3. Colours: The number of different colors in the flag.

4. Red: Binary feature which is 0 if red is absent and 1 if red present in the flag.

5. Green: Binary feature which is 0 if green is absent and 1 if red present in the flag.

6. Blue: Binary feature which is 0 if blue is absent and 1 if red present in the flag.

7. Gold: Binary feature which is 0 if gold is absent and 1 if red present in the flag.

8. White: Binary feature which is 0 if white is absent and 1 if red present in the flag.

9. Black: Binary feature which is 0 if black is absent and 1 if red present in the flag.

10. Orange: Binary feature which is 0 if orange is absent and 1 if red present in the flag.

11. Mainhue: The predominant colour in the flag (tie-breaks decided by taking the topmost hue, if that fails then the most central hue, and if that fails the leftmost hue).

12. Circles: Number of circles in the flag.

13. Crosses: Number of upright crosses.

14. Saltires: Number of diagonal crosses.

15. Quarters: Number of quartered sections.

16. Sunstars: Number of sun or star symbols.

17. Crescent: Binary feature which is 1 if a crescent moon symbol is present and 0 if it is absent.

18. Triangle: Binary feature which is 1 if any triangles are present and 0 otherwise.

19. Icon: Binary feature which is 1 if an inanimate image present (e.g., a boat), otherwise it is 0.

20. Animate: Binary feature which is 1 if an animate image (e.g., an eagle, a tree, a human hand) is present and 0 otherwise.

21. Text: Binary feature which is 1 if any letters or writing are on the flag (e.g., a motto or slogan) and 0 otherwise

22. Topleft: The most predominant color in the top-left corner (moving right to decide tie-breaks).

23. Botright: The most predominant color in the bottom-left corner (moving left to decide tie-breaks).

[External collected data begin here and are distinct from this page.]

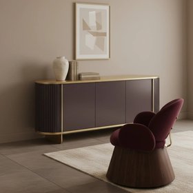 A perfect harmony of materials and forms. A sculptural rounded silhouette of a wooden structure with ribbed detail and a beautiful lacquered finish. A modern minimalist steel base, legs and vertical profiles sanded and liquid-varnished in a lustrous brass finish complete this fabulous design. Incorporating concealed hinges with soft close functions, opened by means of a soft groove on the top of the doors. Includes one internal shelf per compartment, as standard. Weight 90 kg. Also available with a lacquered top, and in alternative finishes and various sizes by request.
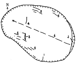 1.滑坡边界; 2.主裂缝; 3.鼓张裂缝; 4.剪裂缝; 5.扇状裂缝; 6.主滑方向 图 1 滑坡体平面图 |
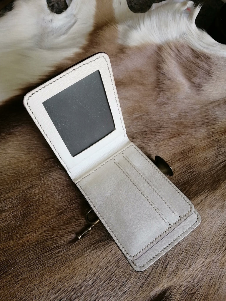 Style: Mahakala Wallet Tooled Leather Wallet Card Wallet with ID Window Mahakala Deity Wallet ID Holder Wallet Mens Wallet with ID Window
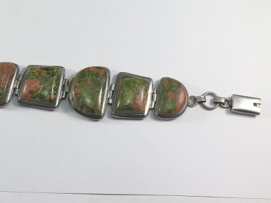 cryptocrystalline quartz sections hinged with ring links and box and tongue clasp. -

Dataset Citation: Citation: Bache, K. & Lichman, M. (2013). UCI Machine Learning Repository [http://archive.ics.uci.edu/ml]. Irvine, CA: University of California, School of Information and Computer Science.

Approach

The problem statement can be formalized as follows: given various features of a nation's flag, classify various attributes of the represented state. A Tree-Augmented Naive Bayes network was used to model the conditional independencies between the different features. The TAN model was opted for because of it's simplicity and strong classification accuracy. However, before the dataset could be used in the model, the continuously represented variables area and population needed to be changed to descrete values on a logarithmic scale to preserve the differences between the large number of small states. In addition, a number of features that described colors were given as strings. These were also descretized. Before the data was plotted, it was permuted and separated into training and testing. Then cross validation was performed to generate the plots below.

Results

The plot below shows the results for each cross validation. The best performing class variables were landmass, area, and language.